Há quem ache fútil a leitura do noticiário das celebridades. Errado: o frufru chega a ser instrutivo. Veja como é possível aprender alguma coisa:
**
‘Gaetano Lopes: `Eu nunca fiquei grávido´’**
‘Americana engravida durante gravidez’No mesmo tipo de noticiário, descobre-se que certas pessoas são flagradas. Estarão fazendo algo proibido? Haverá sexo no meio? Não:
**
‘Justin Timberlake é flagrado devorando doce’E fica-se sabendo muito a respeito de hábitos que talvez consideremos estranhos:
**
‘Megan Fox não voa sem Britney Spears’**
‘Preso britânico fica bêbado com álcool gel contra gripe suína’**
‘Courtney Love sai no tapa com um homem em banheiro de festa’**
‘Mischa Barton sai de cara lavada’**
‘Por engano, Cloney para no dentista após quebrar a mão’E ficamos conhecendo os curiosos procedimentos judiciais do exterior:
**
‘Gisele Bündchen e marido são processados por tiros’
O grande título
Há títulos amplos:
**
‘Lula defende clima na ONU’Tudo bem, mas qual clima mereceu a defesa de Sua Excelência? O chuvoso? O quente e seco? Talvez úmido e com vento?
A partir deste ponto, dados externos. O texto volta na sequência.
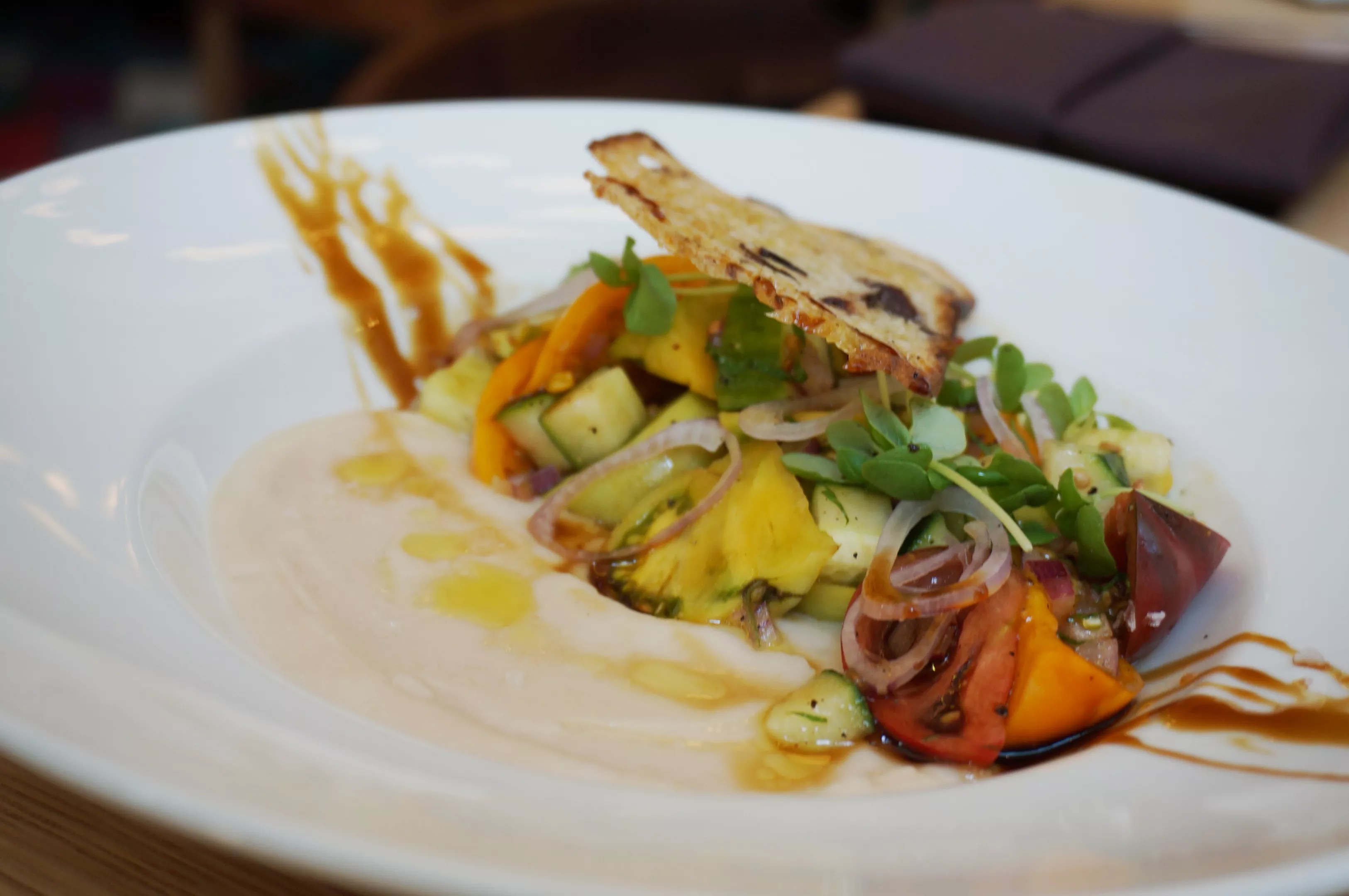 Starkus notes that Urban Farmer definitely fits the steakhouse definition – with a dozen cuts and sizes at the center of the menu – but says the restaurant’s overall mission is true to its name. Out front on the patio facing Wazee Street, herbs, edible flowers, microgreens and sprouted grains grow in rectangular planters. On the rooftop, several beehives buzz with activity; the chef is nearly done with a seven-year program to earn his master-beekeeper certification from Oregon State University. And in the kitchen, primal cuts of beef age a minimum of 21 days in a climate-controlled room, while whole-animal butchering provides the menu with cuts of lamb, beef and pork.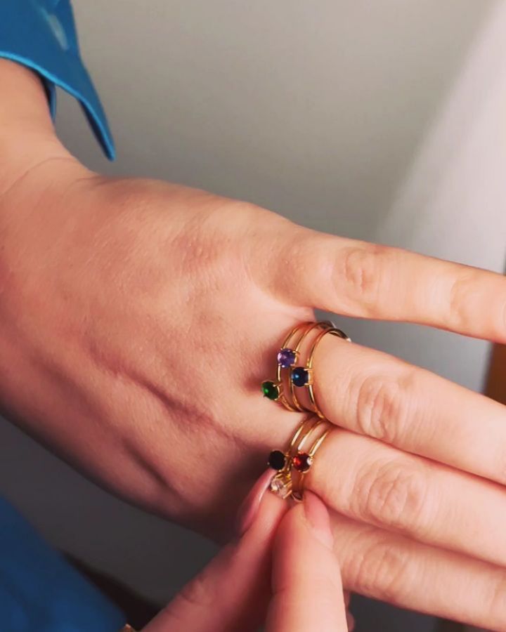 Anello fedina regolabile con punto luce brillante, disponibile in vari colori. Elegante e deciso, perfetto per un tocco di colore raffinato.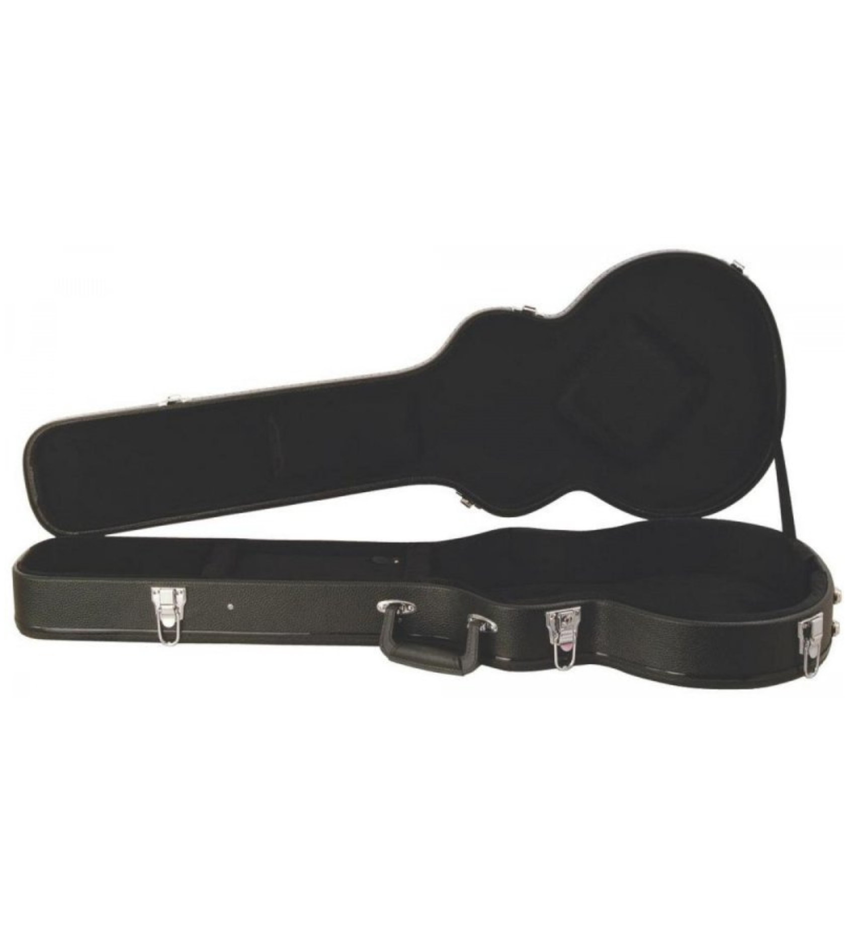 Enjoy dependable protection, storage, and transportation for a single-cutaway solid-body electric guitar with our GCLP7000 Hardshell Single-Cutaway Electric Guitar Case. Along with a weather-resistant skin that defends against the elements, the case features a rigid structure that stabilizes and supports the guitar body and neck. The soft plush interior lining safeguards the instrument finish. An accessories compartment provides convenient access to supplies and tools. Sturdy metal latches ensure that the lid stays closed and, to prevent tampering, one latch includes a built-in lock. The centered top handle enables balanced, comfortable carrying.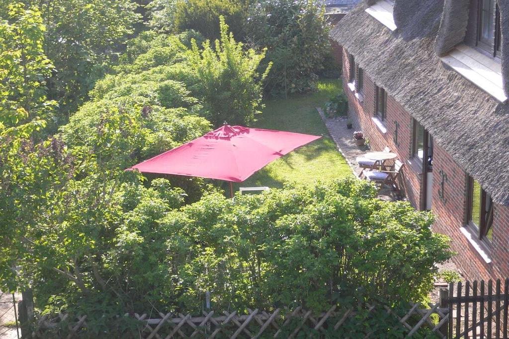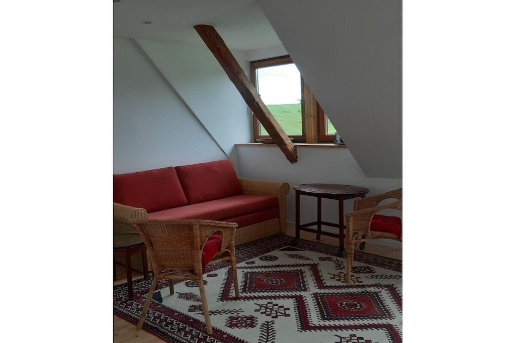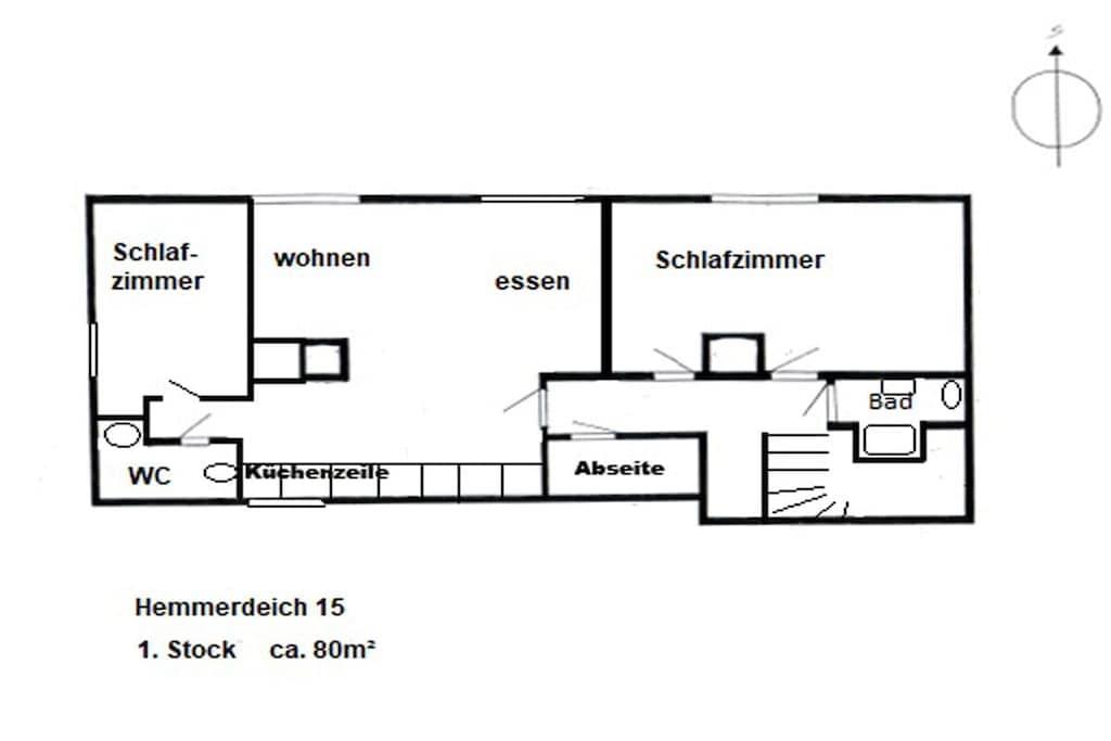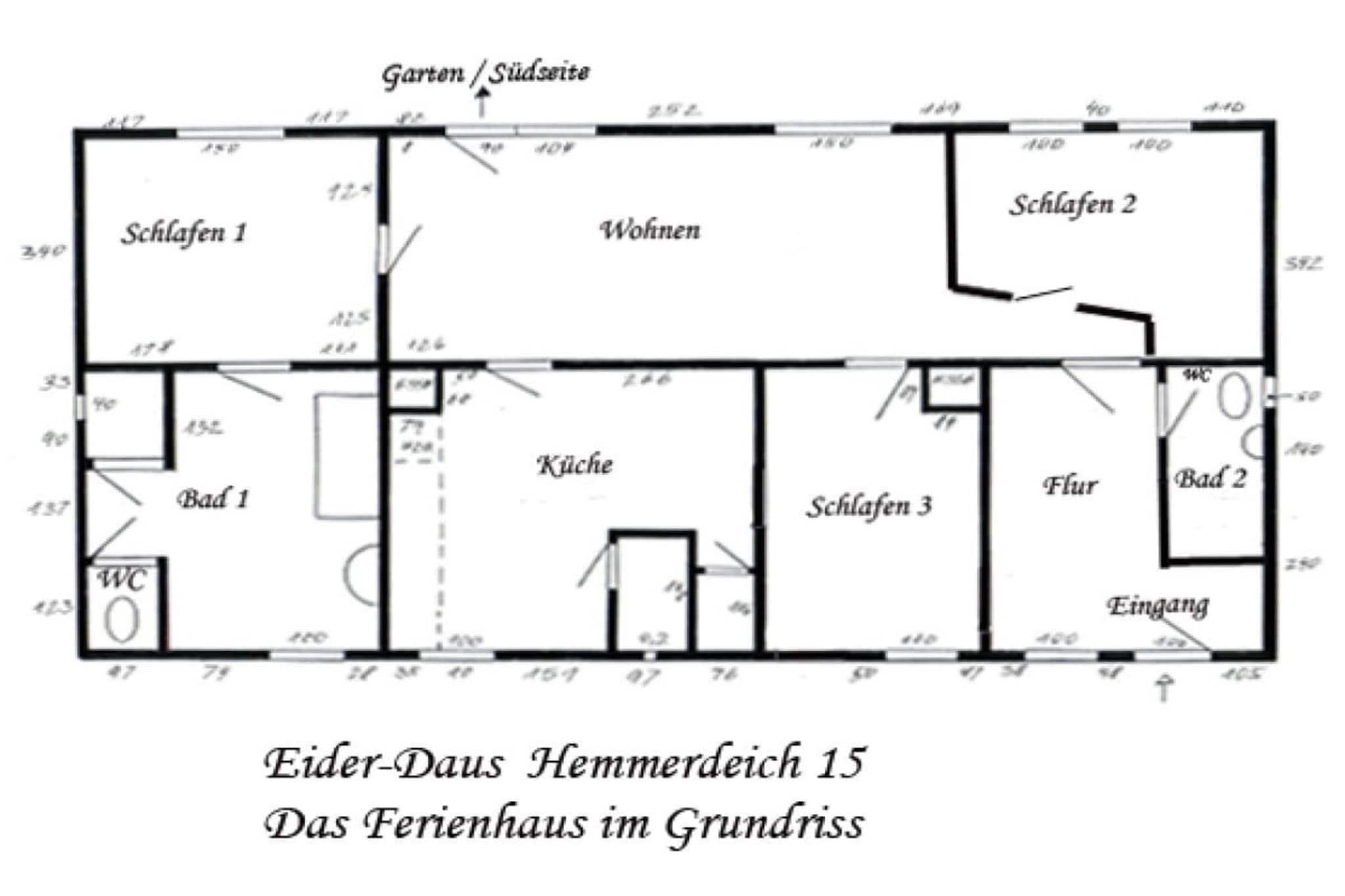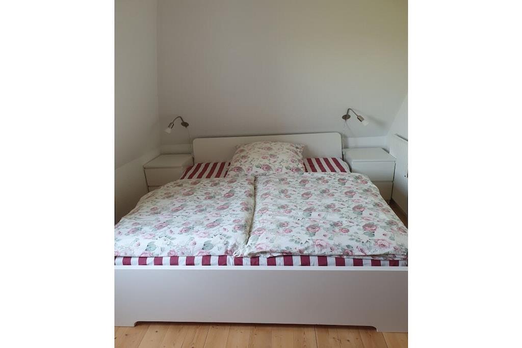 Ob zu zweit, zu viert, zu acht oder zu zehnt - in diesem wunderschönen großen Haus wohnen Sie immer allein. Sie mieten entweder das Dreiviertelhaus mit einer Küche, einem Wohnraum, drei Bädern und vier Schlafräumen oder Sie mieten das ganze Haus. In dem Fall steht Ihnen noch eine weitere etwas kleinere Wohnung (60qm) zur Verfügung (mit zweiter Küche, zweitem Wohnzimmer, fünftem Schlafzimmer und Gästetoilette). Gegen einen Aufpreis von 40EURO/Nacht und einer Putzpauschale von zusätzlich 30,-EURO können Sie diese zweite Wohnung oben dazumieten. Diesen Aufpreis für die 2. Wohnung finden Sie nicht der Preistabelle. Bei Buchungen ab 9 Personen muss die obere zusätzliche Wohnung obligatorisch dazu gemietet werden. Bitte setzen Sie sich bei Fragen gern mit uns telefonisch in Verbindung! Vom Wohnraum unten führt eine Terrassentür zur Südseite des Gartens mit einer kleinen, aber sonnigen und geschützten Sitzecke. Im vorderen Bereich des 1000qm großen Grundstücks gibt es drei Autostellplätze und es ist viel Platz zum Toben und Spielen. Unser reetgedecktes, idyllisches Ferienhaus liegt direkt hinter dem Eiderdeich. Von hier aus können Sie weite Spaziergänge ins Naturschutzgebiet machen.

Há frases (embora não sejam títulos) que despertam a malícia do duplo sentido – como esta, de um edital:
**
‘O banco será ativo na ponta’E títulos meio esquisitos, que se não tivessem saído em noticiosos sérios não seriam dignos de crédito:
**
‘Perus atacam mulher e filho em Nova Jersey’Todos esses títulos saíram meio por acaso. O grande título da semana foi feito deliberadamente para chamar a atenção:
**
‘CVM multa Pinto Rôla’É a primeira vez que um pleonasmo é multado.